Transformers: Low Resource Language Modelling

Transformers

Research Question

Can the performance of transformer language models on low-resource South African languages be improved by utilising training data from multiple languages?

Training Data

South African Bantu languages can be grouped into four broad families: Nguni, Sotho-Tswana, Tswa-Ronga and Venda languages. We chose isiZulu and Sepedi as representative languages of the Nguni and Sotho-Tswana families respectively, since these were the families with the largest quantities of available training data. We used data from the National Centre for Human Language Technology (NCHLT) text project.

Multilingual GPT-2

For both isiZulu and Sepedi, we trained a GPT-2 language model with varied auxiliary data added to the training data. Auxiliary data refers to data from languages other than the target language. In the figure on the right, the "monolingual" model refers to results obtained when no auxiliary data is added. The "all languages" models are trained on all South African Bantu languages. In all results shown on the right, lower bits-per-character (BPC) scores indicate better performance. For both isiZulu and Sepedi, models trained on all languages were the best performing.
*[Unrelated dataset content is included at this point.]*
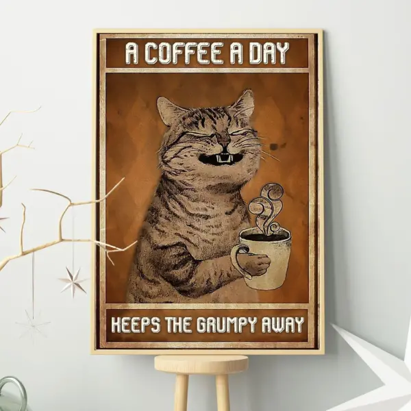 A Coffee A Day Keep The Grumpy Away Cat Vertical Poster A Coffee A Day Keep The Grumpy Away Cat Vertical Art Print Cat Lovers Poster

An alternative visualisation of the same data is shown on the left. This illustrates how adding auxiliary training data from other Bantu languages tends to increase performance regardless of the languages added.

Language-Specific Weights

Another modification we evaluated was the use of language-specific or language-family-specifc attention layers. In these experiments we tested making the bottom n attention layers of the model language-specific. The number of specific layers, n, was varied from 1 to 8 (all attention layers) with the resulting bits-per-character (BPC) score shown on the right. Lower scores are better. The results show that using language-specific attention layers does not improve performance. The three lines in the graph show three different combinations and groupings of training data.

Soft-Decoupled Encodings

Finally, we evaluated a more sophisticated method for including implicitly-learned language-specific representations in a multilingual model called Soft-Decoupled Encodings. In existing literature, this has been used to improve neural machine translation performance on low-resource languages. In the figure on the right, "Control" shows the performance of a multilingual model containing no language-specific representations. The other bars show the performance of models with different combinations of the components of Soft-Decoupled Encodings included. The results show that the use of language-specific representations does not improve performance.

Conclusions

We conclude that the performance of transformer language models on low-resource South African languages can be improved by utilising training data from multiple languages. Implicitly-learned language-specific representations in multilingual models do not yield performance improvements.

Future work may seek further performance improvements by using more training data from a broader group of related languages. Another potential direction is investigating the use of explicit rather than implicitly-learned language-specific representations in multilingual models, such as cross-lingual word embeddings.